Не увлекайся обобщениями. Вспомни Перикла, Эпаминонда, англосакского короля Альфреда, прозванного Великим, Скандербега. А вот совсем недавний пример — Томас Мор, оставшийся порядочным даже на высоком посту канцлера Англии и поплатившийся за это головой.

Но эта горстка достойных — лишь редкие исключения из общего правила: «Власть портит. Абсолютная власть портит абсолютно».

…Степень испорченности турецких владык Искандар познал на собственной шкуре во время военного совета.

Прихварывавший в последнее время Мехмет сидел насупившись, советники с серьезными лицами делали вид, что внимательно слушают доклад чауш-паши.

— О светоч божественной мудрости! О высокочтимые члены дивана! По приказу нашего всемилостивейшего повелителя я опросил соглядатаев, побывавших во вражеском лагере, прочитал донесения наших шпионов при австрийском и венгерском дворах, осмотрел вблизи расположение неприятельских войск…

Искандар в своих думах о войне привык к точной терминологии, заимствованной из латыни и западноевропейских языков. Ему было тяжело излагать свои мысли, требующие чеканных формулировок, цветистыми турецкими фразами. Он часто сбивался на привычный тон, говорил, как думал, и это коробило утонченный слух знатных османов, чья речь состояла из незыблемых формул дворцового этикета и пустых славословий.

— Доношу до священного уха султана! Узнав, что твоя доблестная армия не стала вторгаться в независимую Трансильванию, а вместо того пошла с юга прямо на Егер и захватила его, австрийцы и венгры выступили нам навстречу.
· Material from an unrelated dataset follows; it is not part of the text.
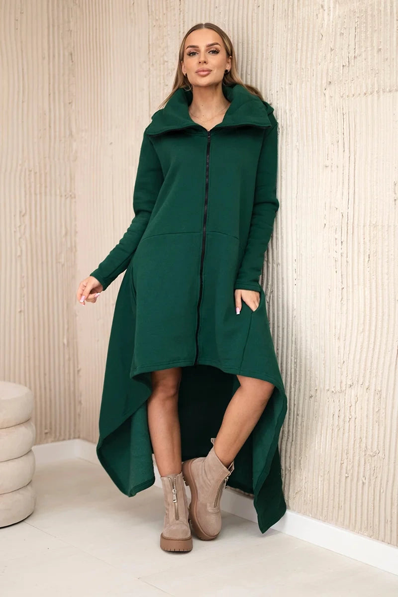 Zateplené šaty s dlhšími stranami tmavozelený univerzálne

По совету знатного венгерского вельможи Балинта Препоштвари они устремились к Мезекерестешу — полю Керестешскому, на коем мы сейчас стоим. Здесь, прикрыв свой тыл и фланги болотами, спереди загородившись рекой Тисой, они построили земляные укрепления…

— Зачем? — перебил султан.

— Лазутчики не знают. По моему разумению, неприятель стремится вызвать нас на атаку. Если мы не примем боя, союзники попытаются отбить Егер. Если мы нападем, трудная переправа через реку в это осеннее время года и болотистая местность будут способствовать их обороне.
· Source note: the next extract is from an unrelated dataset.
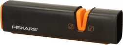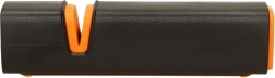 Houd je keukenmessen in topconditie met de universele FISKARS messenslijper. Het apparaat is ontworpen voor eenvoudig en veilig gebruik, zonder stroomvoorziening. De keramische stenen geven de snede een gladde afwerking en langdurige scherpte, terwijl het geïntegreerde mechanisme bij elke haal de juiste slijphoek waarborgt.

— Сколько неверных противостоит нам?

— Около шестидесяти тысяч, конных и пеших примерно поровну. Австрийские отряды состоят из девяти тысяч наемных немецких ландскнехтов и четырнадцати тысяч конницы. У венгерского короля Жигмонда Батори по девять тысяч всадников и пехотинцев. Остальные — вермедийские войска…
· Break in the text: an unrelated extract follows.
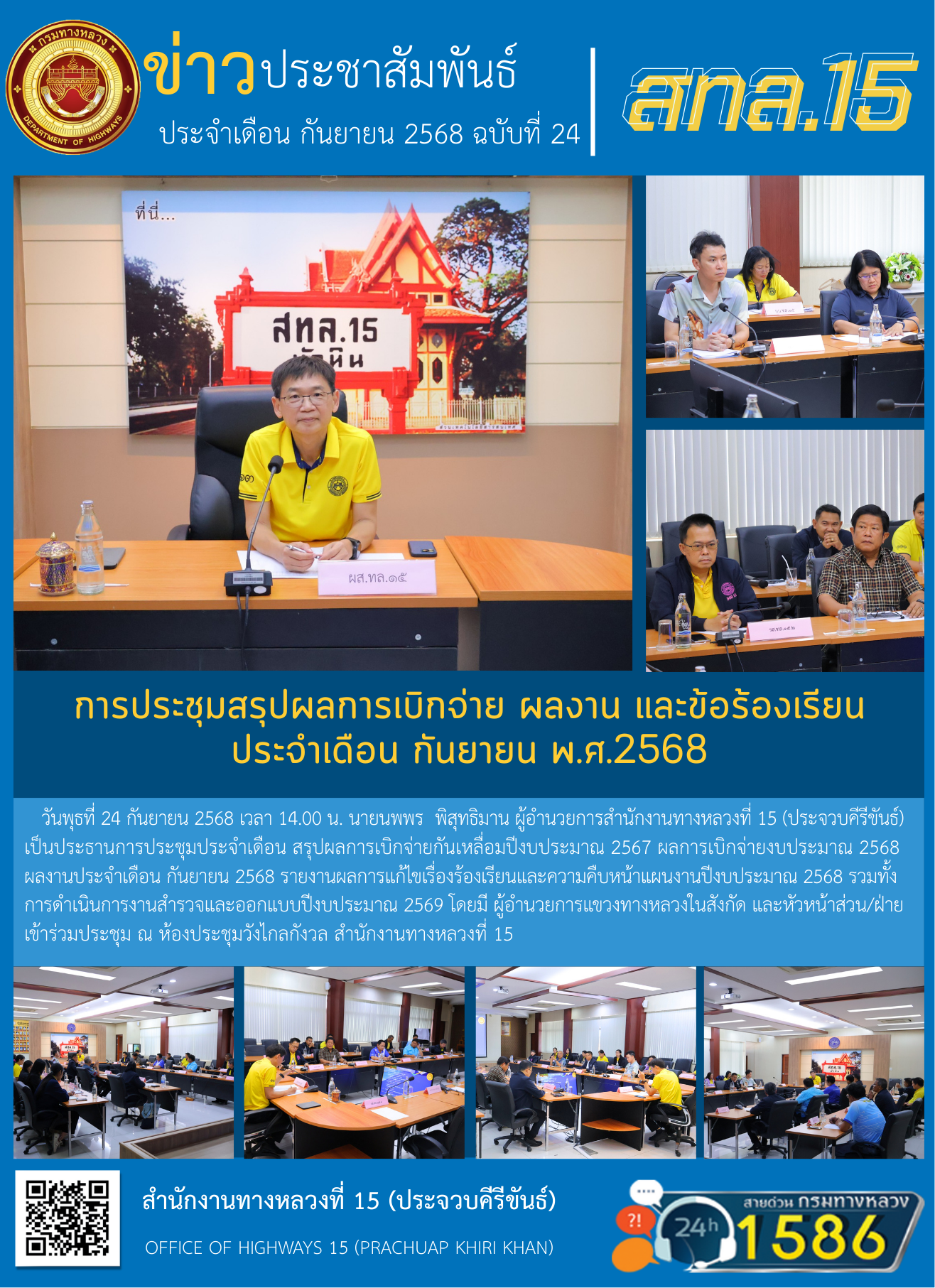 วันพุธที่ 24 กันยายน 2568 เวลา 14.00 น. นายนพพร พิสุทธิมาน ผู้อำนวยการสำนักงานทางหลวงที่ 15 (ประจวบคีรีขันธ์)เป็นประธานการประชุมประจำเดือน สรุปผลการเบิกจ่ายกันเหลื่อมปีงบประมาณ 2567 ผลการเบิกจ่ายงบประมาณ 2568 ผลงานประจำเดือน กันยายน 2568 รายงานผลการแก้ไขเรื่องร้องเรียนและความคืบหน้าแผนงานปีงบประมาณ 2568 รวมทั้งการดำเนินการงานสำรวจและออกแบบปีงบประมาณ 2569 โดยมี ผู้อำนวยการแขวงทางหลวงในสังกัด และหัวหน้าส่วน/ฝ่ายเข้าร่วมประชุม ณ ห้องประชุมวังไกลกังวล สำนักงานทางหลวงที่ 15

— Какие-какие? — переспросил Мехмет.

Искандар едва сдержал презрительную гримасу. Хорош полководец, который ничего не знает о противнике!

— Да услышит хондкар! Вермеде — это венгерские пашалыки, которые выставляют собственные ополчения. Ныне двумя ополченческими отрядами командуют Палфи и Тауффенбах. У союзников около ста пушек разных видов и калибров и… — Искандар намеренно сделал паузу, потом возвысил голос, — двадцать тысяч конных повозок с различными припасами, снаряжением и казной.

Ага, знатные турецкие ублюдки тотчас проснулись, как я упомянул о добыче! — усмехнулся про себя чауш-паша, заметив алчное выражение на лицах советников.

— Как ты оцениваешь боеспособность неверных? — глубокомысленно вопросил султан.

— Половина их — легковооруженные воины, плохо приспособленные для серьезной битвы. Самый грозный противник — немецкие ландскнехты.

— Расскажи о наших силах.

— О средоточие мудрости! Дабы вселить в христиан страх, я приказал распускать слухи, будто правоверных триста двадцать тысяч. На самом деле у нас пятьдесят тысяч регулярных войск — конные сипахи, пешие йени-чери, артиллеристы — и столько же иррегулярных: татары, а также воины Румелийского и Анатолийского эйялетов.

— Почему так мало?

— Да вспомнит падишах всего мира, что мы понесли определенные потери под Егером и оставили там немалый гарнизон. Но все равно у нас двухкратное превосходство в людях и артиллерии: сто семьдесят пушек против их сотни.

— Мы раздавим необрезанных гяуров, даже если бы их насчитывалось в десять раз больше! — выкрикнул румелийский беглербег. — Ничто не устоит перед знаменем пророка!

— Истину глаголят твои уста, храбрый Осман-бег, — довольно погладил усы Мехмет. — Пусть чауш-паша расскажет, как расположились полки неверных.

— Перед самой рекой земляные укрепления с пушками. Сразу за артиллерией встали войска Жигмонда Батори. За ними — резерв, немецкая пехота под командой Шварценберга. На левом фланге трансильванские венгры, на правом — вермедийские отряды.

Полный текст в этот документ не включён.